Kafka: Why What and How?

Jeevan D C
DKatalis
11 min readFeb 2, 2021

--

This document tries to explain Kafka from an API standpoint for Engineers to effectively use in their applications and answers some nitty-gritty questions which aren’t so obvious.

Contents:

1. Why Kafka?
2. What is Kafka?
3. How does it work?
4. Scenarios to think through
5. Why is it hard to achieve optimal performance with Kafka?
6. How do deal with some common problems?

Why Kafka?

We wished to achieve Distributed Event-Driven(ED) architecture to get the benefits of asynchronous request processing, decoupling of microservices, overall resiliency, eventual consistency, pub-sub paradigms.

To achieve the above, Message-Queue(MQ) seemed to be one of the tools to help with.
And since Kafka is one of the MQs and it offers:

  • High Throughput: High capacity processing of data per node (benchmarks here)
  • Distributed setup: Can span the Broker nodes across multiple regions, AZs nodes
  • Persistence: Stores messages for a specified time (ex: 3 to 14 days usually)
  • Scalability: Can scale horizontally by addition of broker nodes
  • Fault-Tolerance: Offers various replication options to be fault-tolerant at times of node failures
  • Multiple Consumers API: Unlike traditional queues, multiple consumers can subscribe to the same message queue.

These reasons were highlighted differentiators to choose Kafka over other popular Message Queues like RabbitMq, Pulsar, etc

What is Kafka?

Apache Kafka is an open-source distributed event streaming platform used by thousands of companies for high-performance data pipelines, streaming analytics, data integration, and mission-critical applications

Architecture:

Why is Zookeeper necessary for Apache Kafka?

Zookeeper being strongly consistent distributed storage helps Kafka with consensus situations like Leader Election of brokers/ partitions/ consumers, topics config, ACLs, cluster memberships.
(Zookeeper is being removed in lastest Kafka by developing their own consensus mechanism)

Terminologies:

  • Message: A record or unit of data within Kafka.
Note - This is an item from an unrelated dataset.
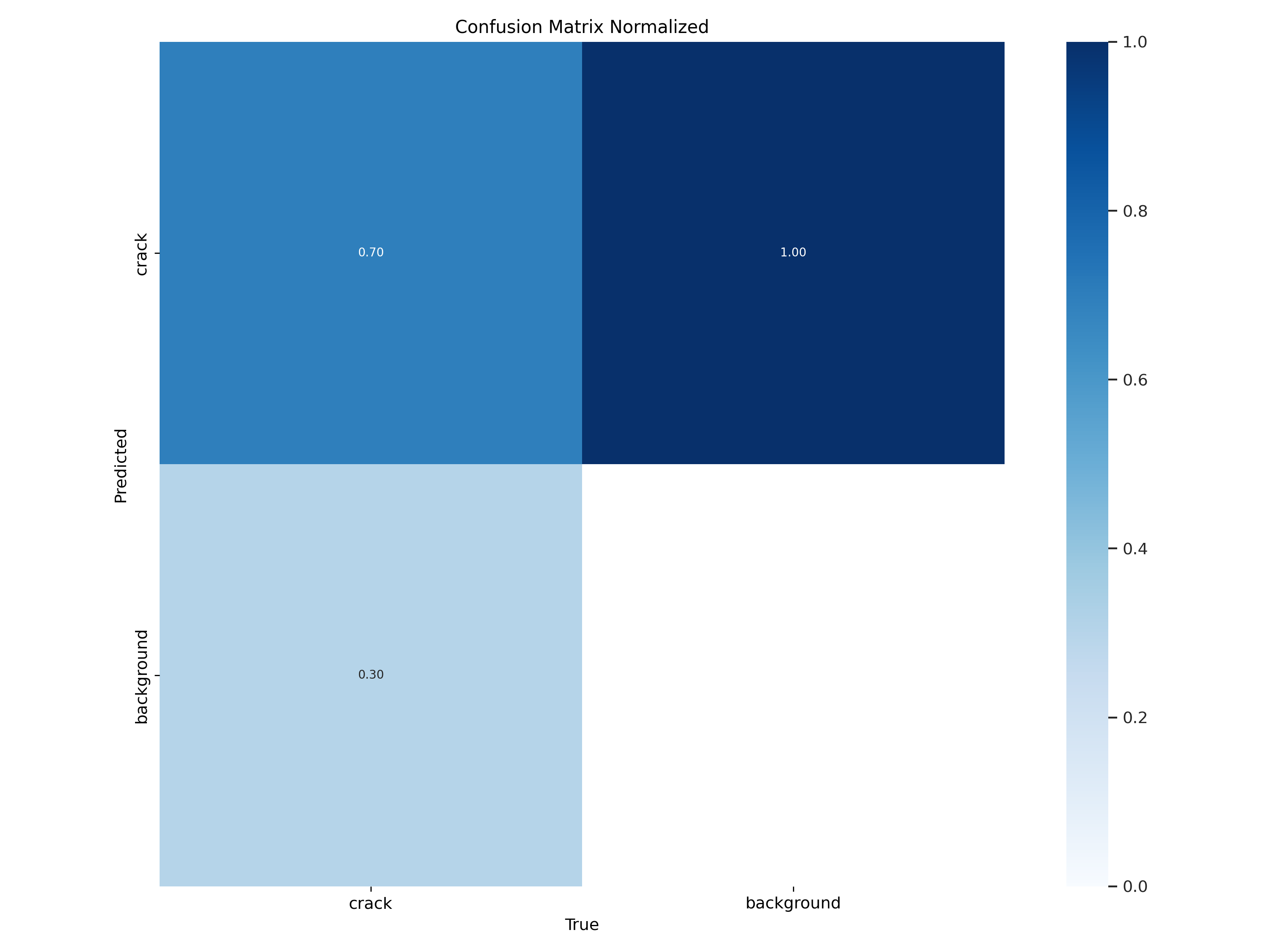综合以上信息,混淆矩阵提供了一个全面评估模型性能的机会。为了改进模型,研究人员应当深入挖掘每个类别的误分类原因,从而有针对性地调整模型架构、训练策略或后处理算法。通过迭代的测试和改进,目标是达到更高的准确率,更低的假阳性和假阴性率,最终实现一个既可靠又高效的路面裂缝检测系统。
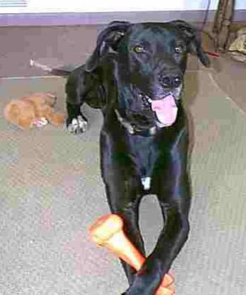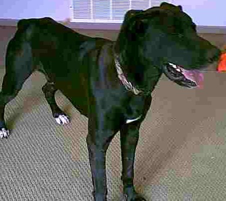 Sox - 1 year black, with white on his paws, chest and a spot on his chin, male with natural ears. He came to us from a shelter. Sox is a sweet boy who gets along with everyone. He is currently living with cats, Danes, and other dogs of all sexes. Sox is a submissive male, and will walk away from his food when the female in the house wants his food. He did come to us a bit skinny, but he is gaining rapidly with food and love. He has been loose in the house and does not show any destructive tendencies. He loves to sit on your lap, and will even try when you are standing! Sox came to MAGDRL in April 2003. |

Each message has a value, and optionally key, headers.
  • Producer: Producers publish messages to Kafka topics. Producers decide which topic partition to publish to, either randomly (round-robin) or using a partitioning algorithm based on a message’s key.
  • Broker: Kafka runs in a distributed system or cluster. Each node in the cluster is called a broker.
  • Topic: A topic is a category to which data records — or messages — are published. Consumers subscribe to topics in order to read the data written to them. ex: transfer.completed
  • Topic partition: Topics are divided into partitions, and each message is given an offset. Each partition is typically replicated at least once or twice. Each partition has a leader and one or more replicas (copies of the data) that exist on followers, providing protection against a broker failure. All brokers in the cluster are both leaders and followers, but a broker has at most one replica of a topic partition. The leader is used for all reads and writes.
  • Offset: Each message within a partition is assigned an offset, a monotonically increasing integer that serves as a unique identifier for the message within the partition.
  • Consumer: Consumers read messages from Kafka topics by subscribing to topic partitions. The consuming application then processes the message to accomplish whatever work is desired.
  • Consumer group: Consumers can be organized into logic consumer groups. Topic partitions are assigned to balance the assignments among all consumers in the group. Within a consumer group, all consumers work in a load-balanced mode; in other words, each message will be seen by one consumer in the group. If a consumer goes away, the partition is assigned to another consumer in the group. This is referred to as a rebalance. If there are more consumers in a group than partitions, some consumers will be idle. If there are fewer consumers in a group than partitions, some consumers will consume messages from more than one partition.
  • Lag: A consumer is lagging when it’s unable to read from a partition as fast as messages are produced to it. Lag is expressed as the number of offsets that are behind the head of the partition. The time required to recover from lag (to “catch up”) depends on how quickly the consumer is able to consume messages per second
  • Replica: The mirror/sync of your data to handle the faults. So that the data doesn’t get lost.
  • In-Sync Replica: The in-sync replicas are replicas that are alive and are in sync with the leader.
  • min-in-Sync Replica: This is the minimum number of replicas that must acknowledge that data was received successfully for a write to be successful.
  • Committing offset: Committing an offset for a partition is the action of saying that the offset has been processed so that the Kafka cluster won’t send the committed records for the same partition. Committed offset is important in case of a consumer recovery or rebalancing

How does it work?

Producing messages:

When a producer publishes a record to a topic, it is published to its leader. The leader appends the record to its commit log and increments its record offset.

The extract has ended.